§ Exercise directions
With the pictures set aside, return the lines below exactly, beginning at the first and ending at the line containing "Fire corals are".

§ Recorded data
◇ ◇ ◇
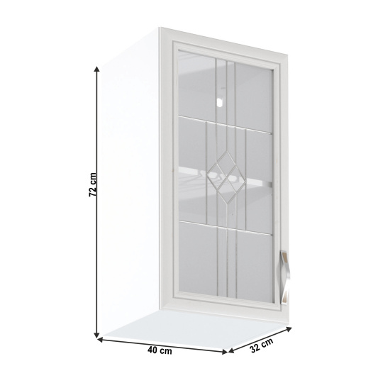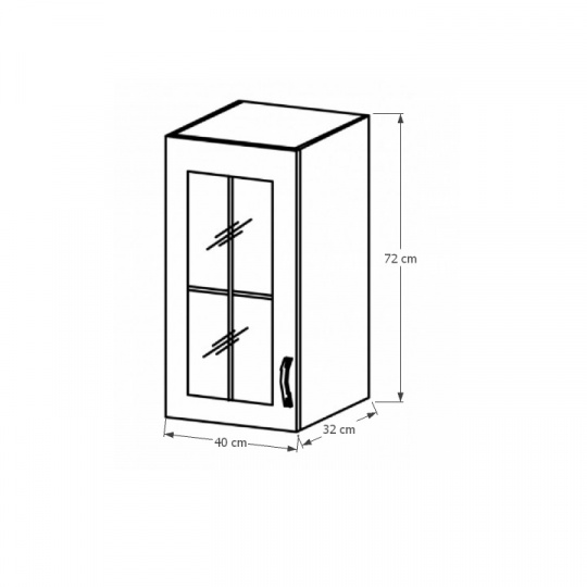 Horní skříňka G40S se sklem levá ke kuchyni SICILIA Provedení: DTD laminovaná/MDF lišty/sklo Barva: bíla/sosna Andersen Rozměry (ŠxHxV): 40x32x72 cm Tloušťka materiálu: 15 mm Spodní skříňky jsou dodávány bez pracovní desky. Můžete si objednat pracovní desku royal beigemarble k provedení ořech Milano - tloušťka 28mm za 1.590 Kč/bm a nebo pracovní desku dub Lancelot k provedení sosna andersen - tloušťka 38 mm za 1.690 Kč/bm.
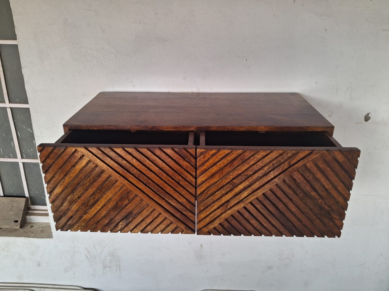Do you want a contemporary touch? Our hand-carved geometric bathroom vanity stands out. Artisans carve a striking chevron pattern by hand. This creates movement and texture. Light dances across it beautifully in any bathroom. The piece splits into two sections with a clean join. Hidden storage sits behind artistic fronts. So you can tuck away toiletries, towels, or essentials neatly. At the same time, it adds sophistication.
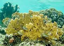 Fire corals are colonial coral-like organisms that secrete calcareous skeletons.[3] Colonies of Millepora complanata have an encrusting base and thin upright plates or blades growing to a height of about 50 centimetres (20 in). The plates of Millepora complanata grow perpendicular to the current direction, with some colonies not growing larger than the encrusted base if the current is too strong.[4] The surface of the blades is smooth and the outer margins irregular, with many stumpy protrusions. This fire coral is pale brown or cream coloured, with white tips to the blades. The feeding and defensive polyps are hair-like and project through fine pores on the surface of the blades. Contact with this fire coral by bare skin can cause a severe stinging sensation.[5]
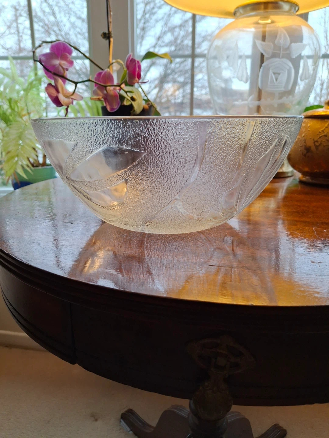 Large clear glass bowl with flower design. Textured on the outside. 10” across and 4” high. Excellent condition.
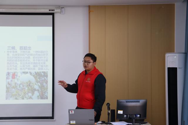 为宣传中华优秀传统文化,增强社区居民对中国传统节气的了解,12月9日,色情短视频 青马志愿者协会于聊城市东昌府区柳园街道越河街社区开展“时节天地,节气宣讲”中华优秀传统文化宣讲活动,青马志愿者协会志愿者孙凤斌担任主讲人。
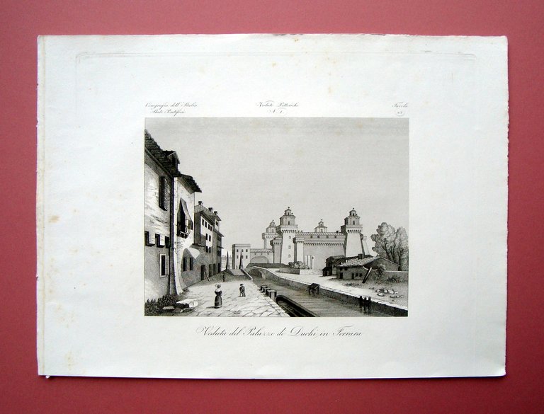 Zuccagni Orlandini Veduta Palazzo dË Duchi Ferrara acquaforte originale 1840 | Libri antichi e moderni |
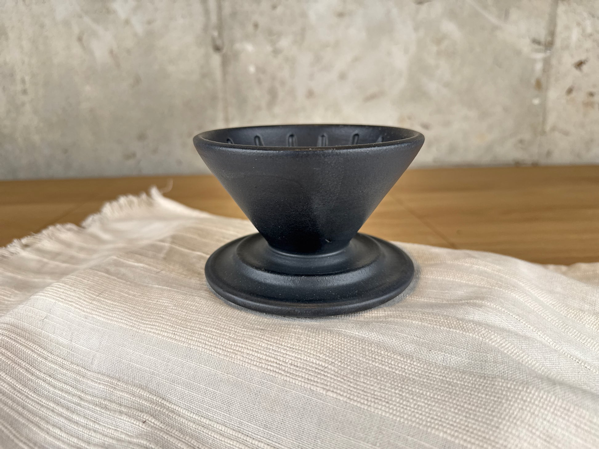 Hand made coffee pour over filter basket, glazed in gloss black over buff clay. This works with #2 cone coffee filters.
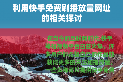 在当今的互联网时代,快手等短视频平台日益火爆,许多用户都希望自己的作品能获得更多的关注和播放量,一些声称可以提供快手免费刷1000播放的网址开始在网络上出现。
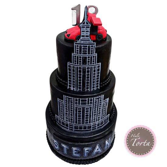Crna torta sa zgradama i Lamborghinijem za 18. rođendan
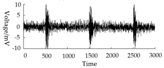 The improved DTCWT method is used to denoise the measured partial discharge signal. The sampling number of UHF signal is 3000. The decomposition level of DTCWT is 5. The signal components of DTCWT, of which the TE values are in the top three, are reconstructed. The noise reduction result is shown in Figure 10.
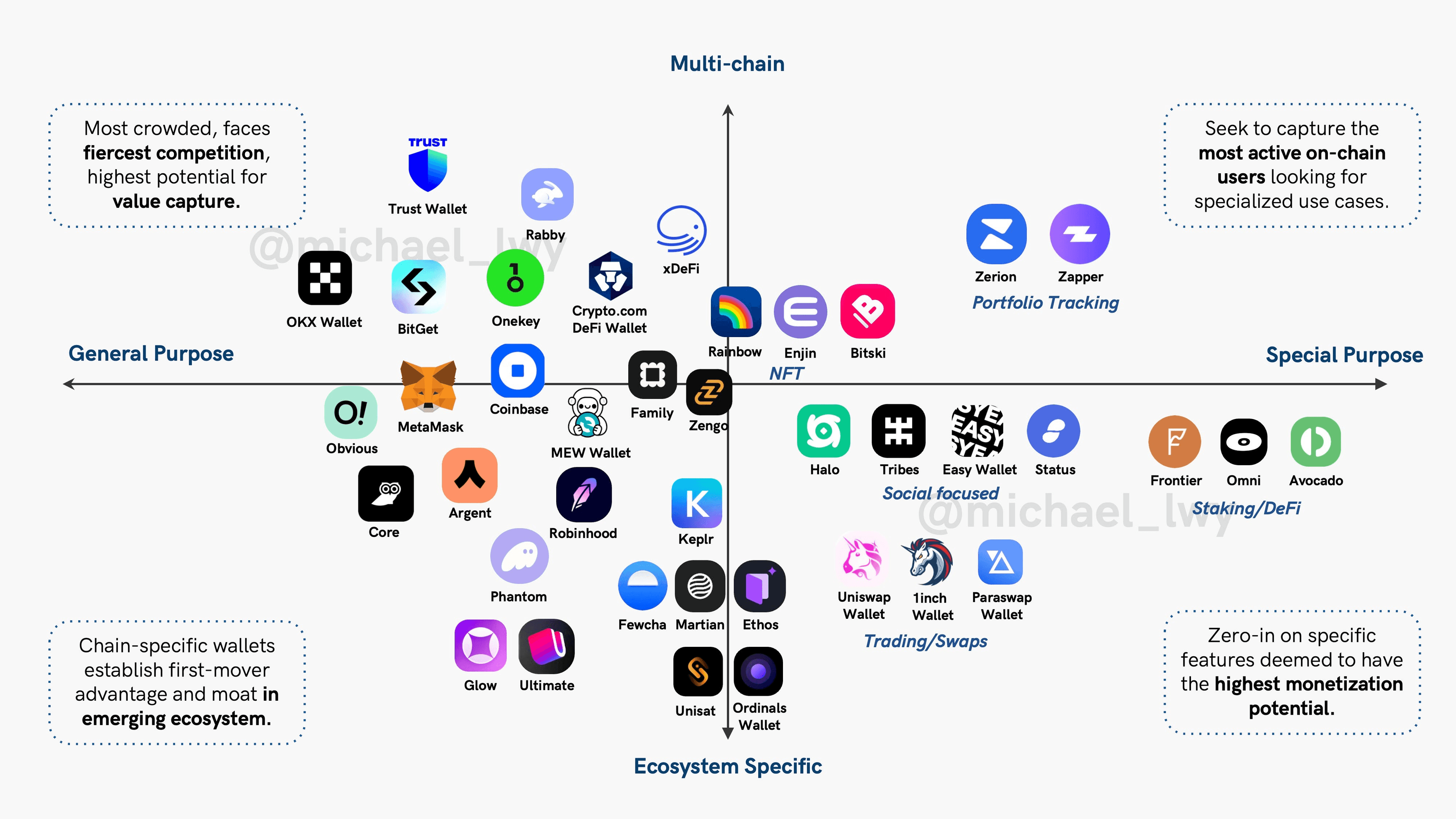 Ecosystem inclination: Found in the bottom left quadrant are wallets with a discernible bias towards specific blockchain ecosystems, aiming to secure early footholds in rising chains. Phantom (Solana) and Core Wallet (Avalanche) exemplify this strategy.
◇ ◇ ◇
§ Exercise response
 Horní skříňka G40S se sklem levá ke kuchyni SICILIA Provedení: DTD laminovaná/MDF lišty/sklo Barva: bíla/sosna Andersen Rozměry (ŠxHxV): 40x32x72 cm Tloušťka materiálu: 15 mm Spodní skříňky jsou dodávány bez pracovní desky. Můžete si objednat pracovní desku royal beigemarble k provedení ořech Milano - tloušťka 28mm za 1.590 Kč/bm a nebo pracovní desku dub Lancelot k provedení sosna andersen - tloušťka 38 mm za 1.690 Kč/bm.
Do you want a contemporary touch? Our hand-carved geometric bathroom vanity stands out. Artisans carve a striking chevron pattern by hand. This creates movement and texture. Light dances across it beautifully in any bathroom. The piece splits into two sections with a clean join. Hidden storage sits behind artistic fronts. So you can tuck away toiletries, towels, or essentials neatly. At the same time, it adds sophistication.
 Fire corals are colonial coral-like organisms that secrete calcareous skeletons.[3] Colonies of Millepora complanata have an encrusting base and thin upright plates or blades growing to a height of about 50 centimetres (20 in). The plates of Millepora complanata grow perpendicular to the current direction, with some colonies not growing larger than the encrusted base if the current is too strong.[4] The surface of the blades is smooth and the outer margins irregular, with many stumpy protrusions. This fire coral is pale brown or cream coloured, with white tips to the blades. The feeding and defensive polyps are hair-like and project through fine pores on the surface of the blades. Contact with this fire coral by bare skin can cause a severe stinging sensation.[5]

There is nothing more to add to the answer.